- What you need to do
In the entries below, begin at the line that has "There are comfortable" and stop after the line that has "樹木医の宮田さんに精密な樹木"; output those lines exactly, leaving out pictures.

[Items from a data source]
┄┄┄┄┄┄┄┄┄┄
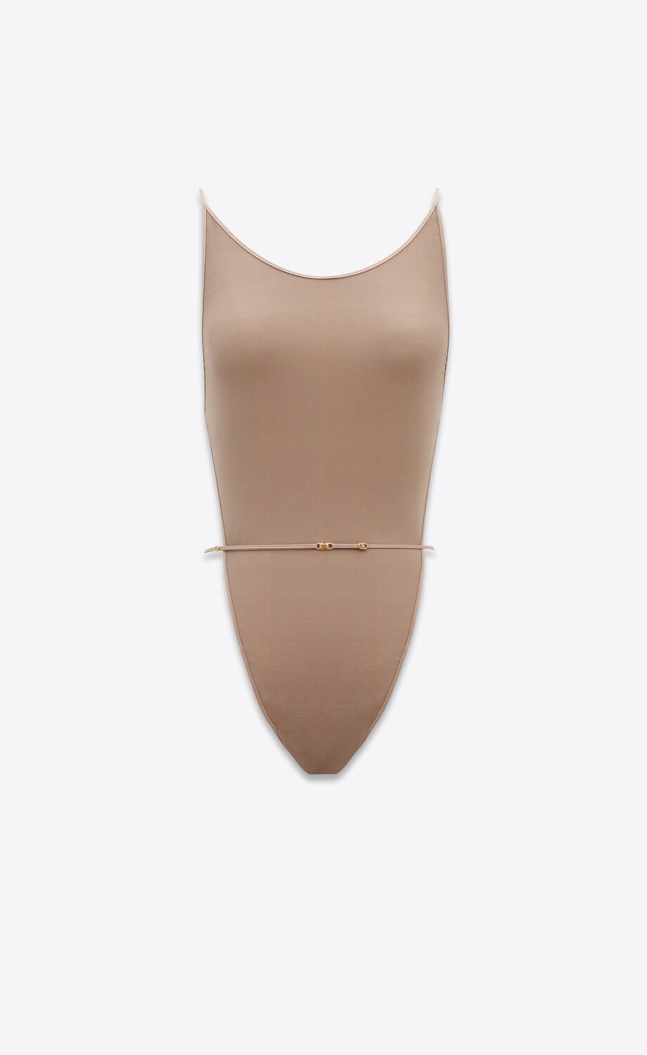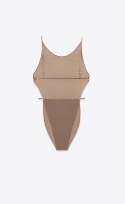 Body semi-transparent dos nu avec décolleté rond et string, avec une jambe échancrée, une taille réglable et un slip.
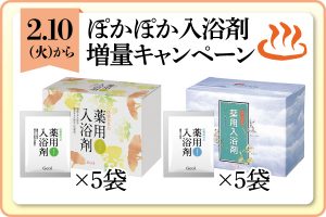 【ぽかぽか入浴剤増量キャンペーン】 日頃のご愛顧に感謝して薬用入浴剤バスメニー、薬用入浴剤バスホワイトをご購入ごとに5袋プレゼント! お家で温泉気分を楽しめるポカポカ入浴剤で、寒い冬を乗り越えましょう。
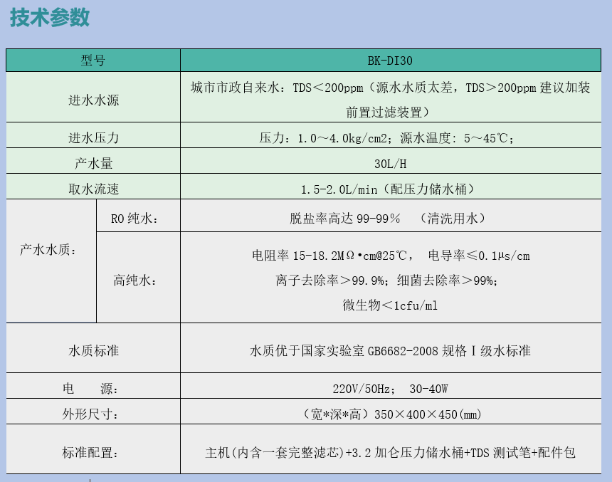 BK-DI30高纯水机具体参数
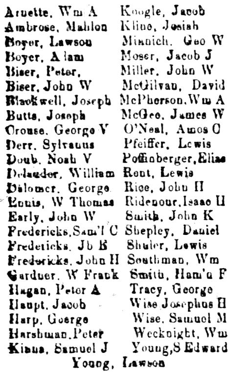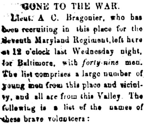Lt. A. C. Bragonier departed Middletown with 49 volunteers for the 7th MD Reg.; all of the men are from the Middletown Valley and their names are listed.
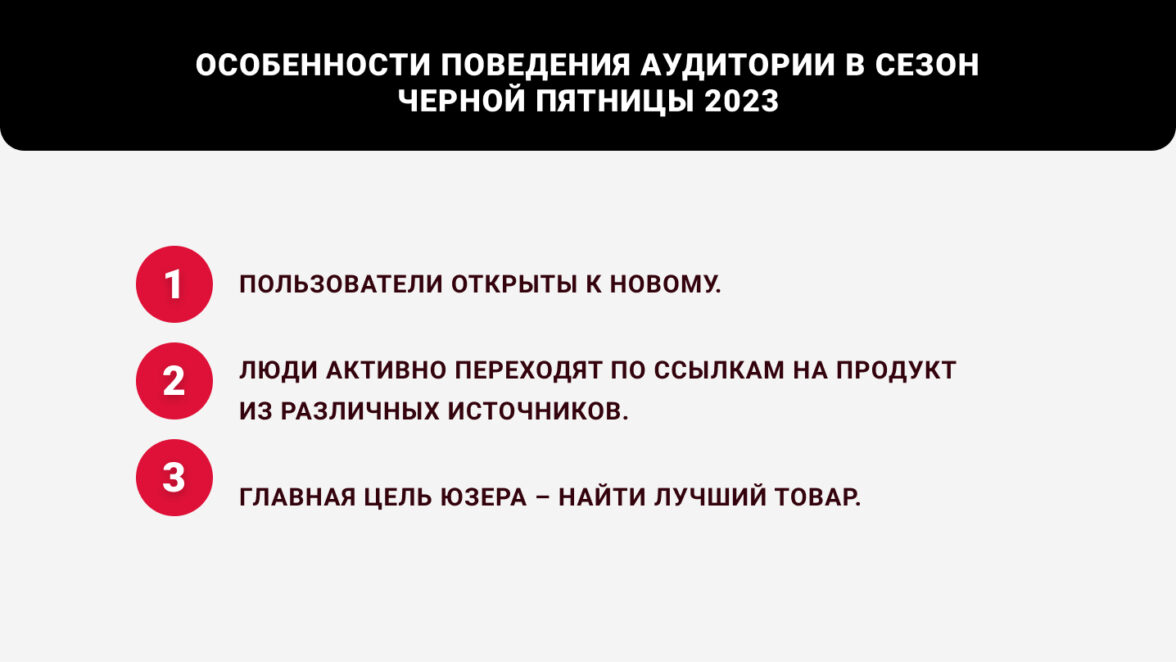 Выше мы перечислили особенности потребительского поведения в сезон Черной Пятницы. Если кратко, то:
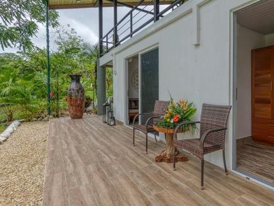 There are comfortable places to relax inside and out, whether on the sofa or on the patio shared with the Flower of Life room.
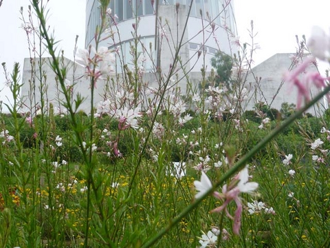 「わっ、白髪の花だ!」なんて、思ってしまったのは白ネム。垂れ下がっているのはもう花も終りというところで、白髪のまま、ぽそっと地面に落ちていたりします。なんだか身につまされるような……(^_^;) 個人的にはおしゃれな建物よりも美しい食器よりも、なんだかぼっさぼさという感じの大きなイチョウの木が気に入りました(笑)
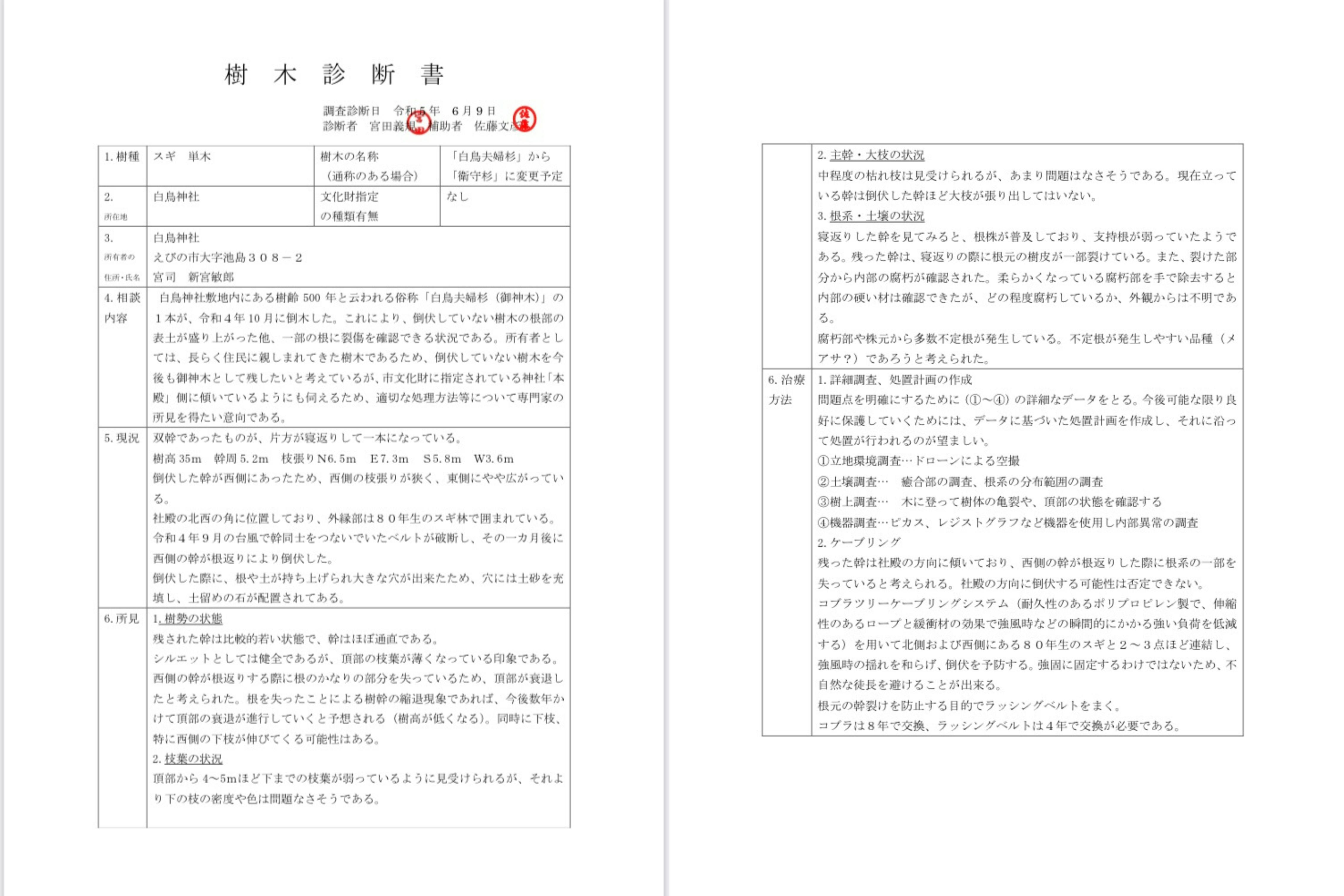 樹木医の宮田さんに精密な樹木診断をお願いしました。その時の診断書がこちらになります。
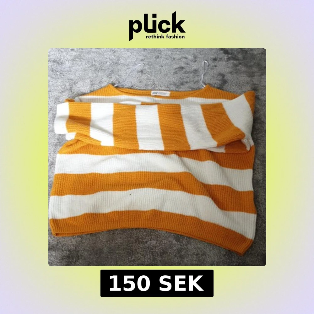 Superfin stickad tröja från H&M med breda gula och vita ränder. Tröjan har en croppad passform, rund halsringning och långa ärmar. Perfekt för dig som gillar färg och vill ha en chill men snygg look.
┄┄┄┄┄┄┄┄┄┄
- Answer box
 There are comfortable places to relax inside and out, whether on the sofa or on the patio shared with the Flower of Life room.
 「わっ、白髪の花だ!」なんて、思ってしまったのは白ネム。垂れ下がっているのはもう花も終りというところで、白髪のまま、ぽそっと地面に落ちていたりします。なんだか身につまされるような……(^_^;) 個人的にはおしゃれな建物よりも美しい食器よりも、なんだかぼっさぼさという感じの大きなイチョウの木が気に入りました(笑)
 樹木医の宮田さんに精密な樹木診断をお願いしました。その時の診断書がこちらになります。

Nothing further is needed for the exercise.